You don’t want rootkits in your computer. So, you should be doing continuous checkings against this. I recommend to run both Rootkit Hunter and chkrootkit every day.

8. Scan all your logs to detect suspicious activity

You should watch all your logs everyday. Doing this automatically is prone to errors, so you should have a daemon doing this for your and emailing you when it finds something suspicious. Logwatch is an useful tool for this. It will send you emails every day with automatically generated reports.

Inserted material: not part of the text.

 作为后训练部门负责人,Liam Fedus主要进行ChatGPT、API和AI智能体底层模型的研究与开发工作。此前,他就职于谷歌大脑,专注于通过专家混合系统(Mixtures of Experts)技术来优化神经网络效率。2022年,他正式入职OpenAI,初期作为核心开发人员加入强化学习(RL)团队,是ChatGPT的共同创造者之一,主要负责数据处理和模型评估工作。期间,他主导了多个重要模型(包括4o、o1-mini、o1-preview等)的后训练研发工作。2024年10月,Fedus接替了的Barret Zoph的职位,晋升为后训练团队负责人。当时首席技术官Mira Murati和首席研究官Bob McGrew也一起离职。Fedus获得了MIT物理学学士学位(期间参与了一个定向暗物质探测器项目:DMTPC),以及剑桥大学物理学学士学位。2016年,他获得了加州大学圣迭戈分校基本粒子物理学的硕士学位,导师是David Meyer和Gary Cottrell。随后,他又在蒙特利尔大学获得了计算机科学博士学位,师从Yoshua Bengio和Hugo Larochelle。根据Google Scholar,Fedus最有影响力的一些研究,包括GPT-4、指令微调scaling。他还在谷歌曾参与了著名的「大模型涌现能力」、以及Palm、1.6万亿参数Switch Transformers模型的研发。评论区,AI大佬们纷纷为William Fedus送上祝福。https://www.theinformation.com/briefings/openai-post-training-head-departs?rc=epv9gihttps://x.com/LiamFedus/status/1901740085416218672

9. Continuously monitor your system

It is vitally important that you continuously monitor the health of your system to detect anomalies: cpu usage, network traffic, memory usage, system temperature, hdd status, etc. Cacti (a back-end for RRDtool) is ideal for this.

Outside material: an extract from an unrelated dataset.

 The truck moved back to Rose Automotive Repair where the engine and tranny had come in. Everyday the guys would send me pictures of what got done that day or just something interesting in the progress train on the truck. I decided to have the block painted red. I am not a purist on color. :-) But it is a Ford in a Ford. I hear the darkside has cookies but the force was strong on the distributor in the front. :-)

10. Automatize as much as possible

Minimize the things you manually do. You have Task Scheduler in Windows and Cron Jobs in Linux. For example, these are the some tasks I have automatized in my server:

Synchronize to the latest stable packages.

#!/bin/sh

emerge −−sync &> /dev/null
emerge −−update −−newuse −−deep −−nocolor world −−pretend

Check for known vulnerabilities in the system.

#!/bin/sh

/usr/bin/glsa-check -l -n 2> /dev/null | grep ‘[[:digit:]]\{6\}.*\[N\]‘

Run AIDE to detect changes in system files.

#!/bin/sh

/usr/bin/aide -u -V1 > /root/safestatus/aide.last && diff /root/safestatus/aide{,.last}

Look for rootkits with chkrootkit.

#!/bin/sh

/usr/sbin/chkrootkit -q > /root/safestatus/chkrootkit.last && diff /root/safestatus/chkrootkit{,.last}

Look for rootkits with rkhunter.

#!/bin/sh

/usr/bin/rkhunter −−update &> /dev/null && /usr/bin/rkhunter -c −−cronjob −−skip-keypress −−report-mode | grep -v “Scanning took” > /root/safestatus/rkhunter.last && diff /root/safestatus/rkhunter{,.last}

Generate reports from system logs.

#!/bin/sh

if [ -x /usr/sbin/logwatch.pl ] ; then
exec /usr/sbin/logwatch.pl 2>&1 > /dev/null
fi

Check for new network ports opened.

#!/bin/sh

/bin/netstat -tlpn > /root/safestatus/netstat.last && diff /root/safestatus/netstat{,.last}

And that makes ten guidelines. I know I leave lot of topics (nessus, snort, etc) but they will have to wait for other posts. I hope you have enjoyed this recommendations. Do not hesitate to give comments here.